Vacaville Transportation Center also known as the Vacaville Intermodal Station is a bus station in Vacaville, California, United States. It is served by Fairfield and Suisun Transit (FAST), Vacaville City Coach, and Yolobus.

==Transit==
The bus station is served by SolTrans Blue Line between the Walnut Creek BART station, Benicia Industrial Park, Fairfield Transportation Center, Vacaville Transportation Center, Dixon and the Davis Mondavi Center Monday through Saturday. Yolobus route 138 at the Mondavi Center connects to the UC Davis Medical Center in Davis.
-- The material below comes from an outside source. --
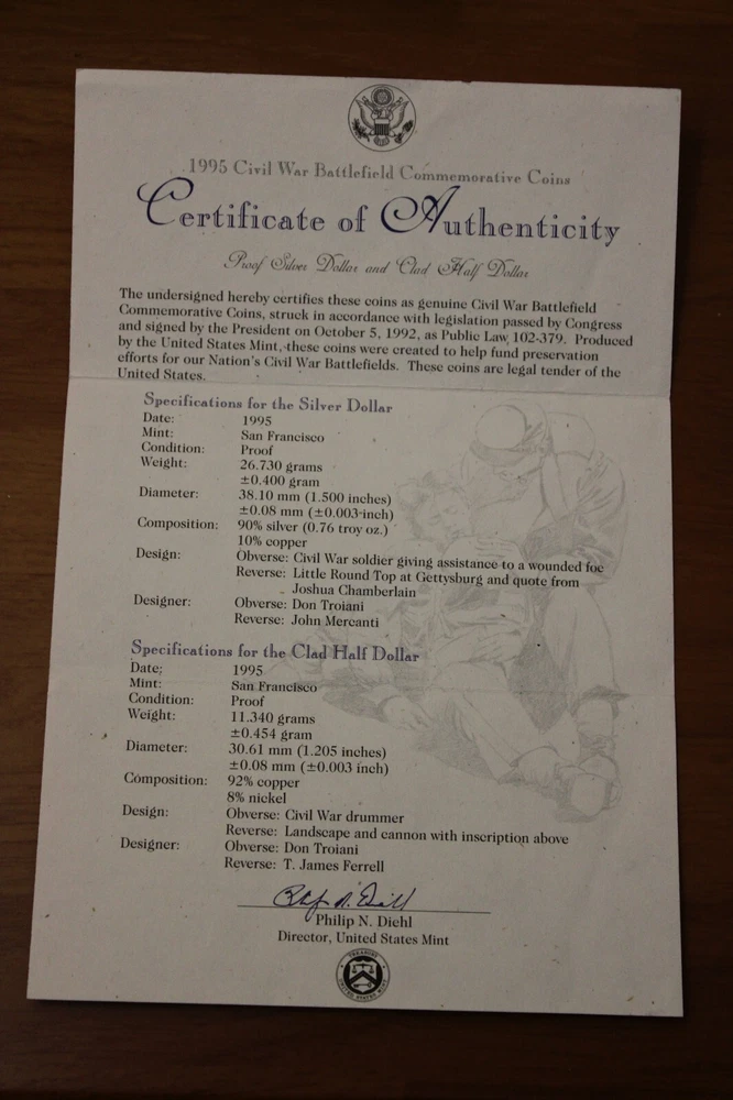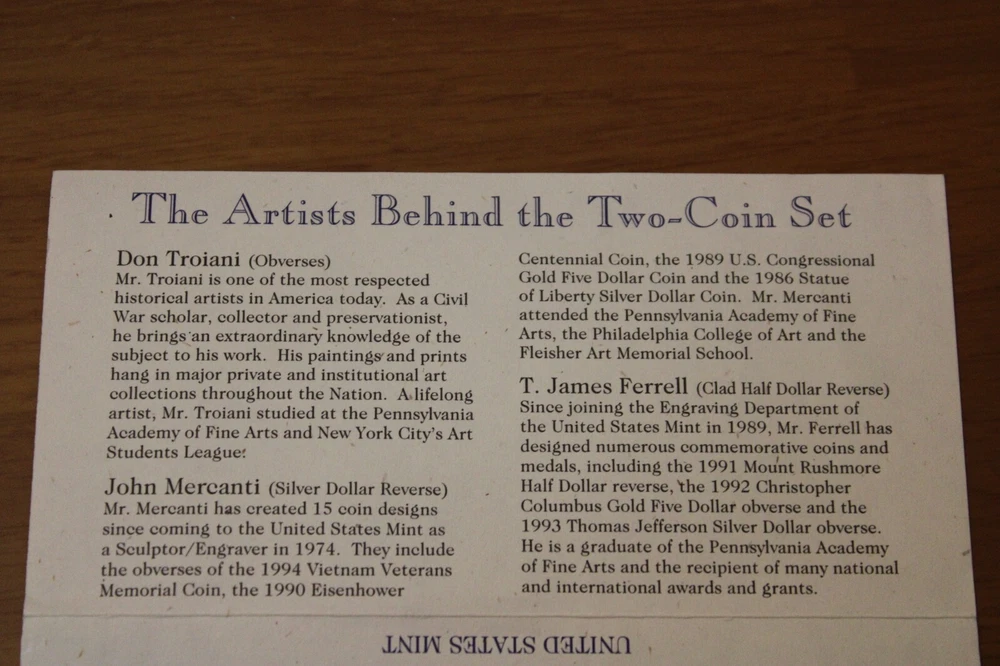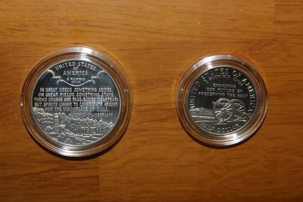 1995 Civil War Battlefield Dollar & Half Dollar 2 Coin Proof Set w/OGP and COA Selling the 1995 Civil War Battlefield Dollar & Half Dollar 2 Coin Proof Set w/OGP and COA The coins in the pictures are those being sold. Your purchase will be shipped within two business days after payment has been received. Will be shipped via USSP Ground advantage. 24cw2c-1

Local bus service is provided by Vacaville City Coach on lines 1, 3, 4, 5, and 6 which connect the center to Leisure Town, downtown Vacaville, Browns Valley, Kaiser Vacaville, Nut Tree, and Vacaville Transit Plaza.

==History==
In 2011 Phase 1 of the project was completed for $12.6 million. Phase 2 was to have added a $20.5 million 400-stall parking garage but this was later changed to a $1 million 136-space surface lot. In 2013 the center received $450,000 to improve sidewalks and build a bikepath. The center has no water fountains nor bathroom facilities.